このシステムを構築するために、sharefullには各国からのスペシャリストが集結した。ブロックチェーン業界の第一人者の一人、ペルー発のNFTプロジェクトの創設者、世界展開しているトークン企業のプロダクト責任者、業界誌の表紙を飾るようなCXコンサル企業CEOも名を連ねる。共同創業者にはGameFiインフルエンサーであり、複数社経営する茶圓将裕氏が在籍する。

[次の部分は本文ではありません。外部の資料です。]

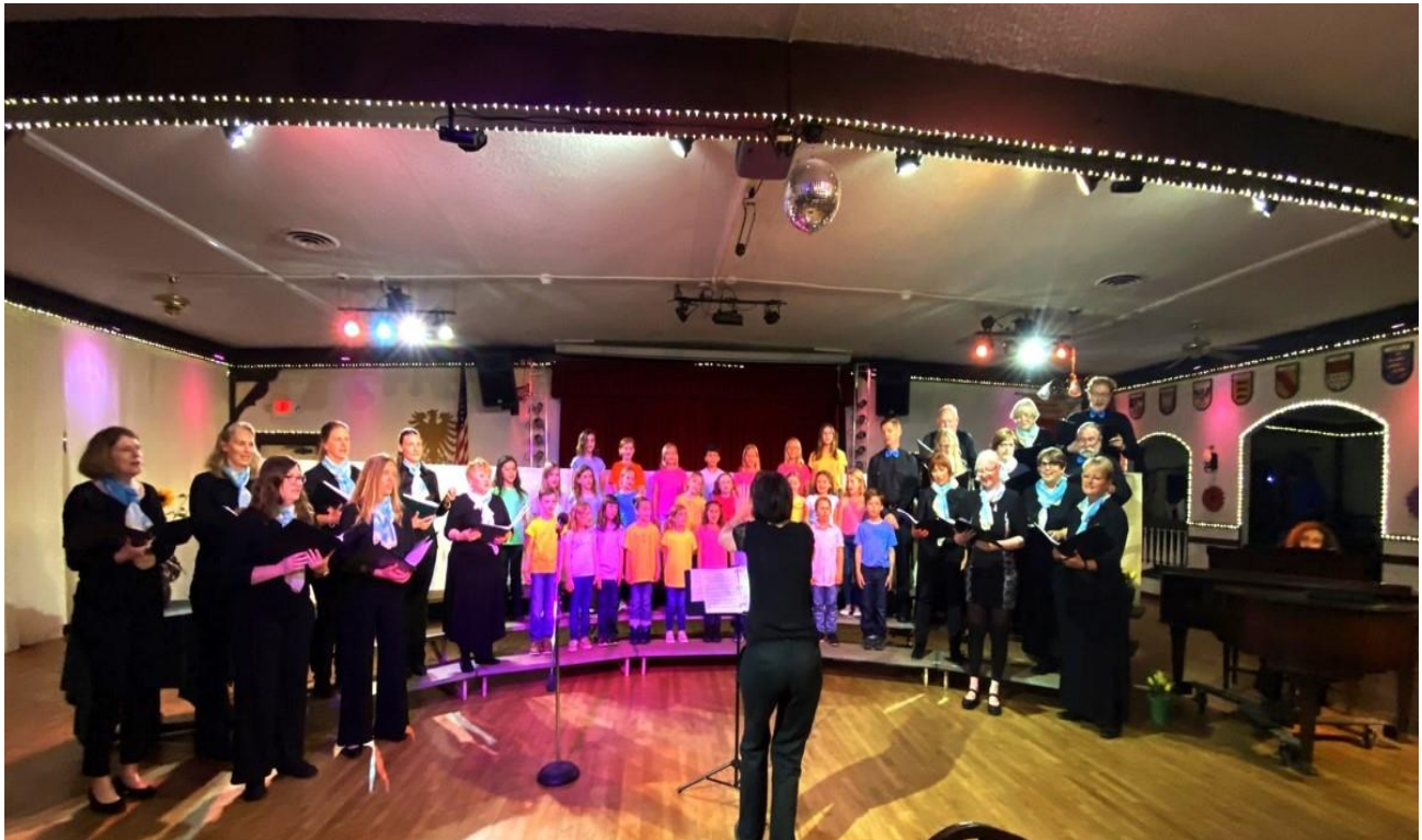
Springfest 2023: House of Germany Choir and Kinderchor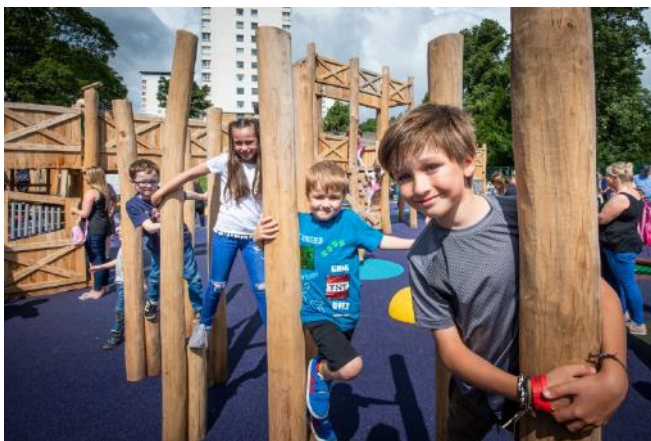
Playpark at Callendar Park

「人生は選択の連続、その選択の質を上げる助けになれたら幸いです」。

NFTアイテムの購入がGameFiプロダクトを利用するための必須条件になっていることが通例ではあるが、業界の裾野を広げていくために、sharefullの無料メール登録だけでも報酬を貯められるという仕組みも組み込む予定だ。無料版だと多少の制限はあるが、NFTアイテムを購入前にお試し利用してから切り替えることができるため、「NFTは不安」という人には大きな安心となる。もちろん、ゲームに参加せず、口コミサイトのみで利用も可能。

まずは食の分野からスタート。2022年12月にアルファ版が全世界でローンチされ、今後改良を加えながら、本格運用されていく。さらに2023年には旅行、医療、教育の分野へも展開しながら、サービス拡大を目指す。身近になっていくGameFiの世界を体験する良い機会になりそうだ。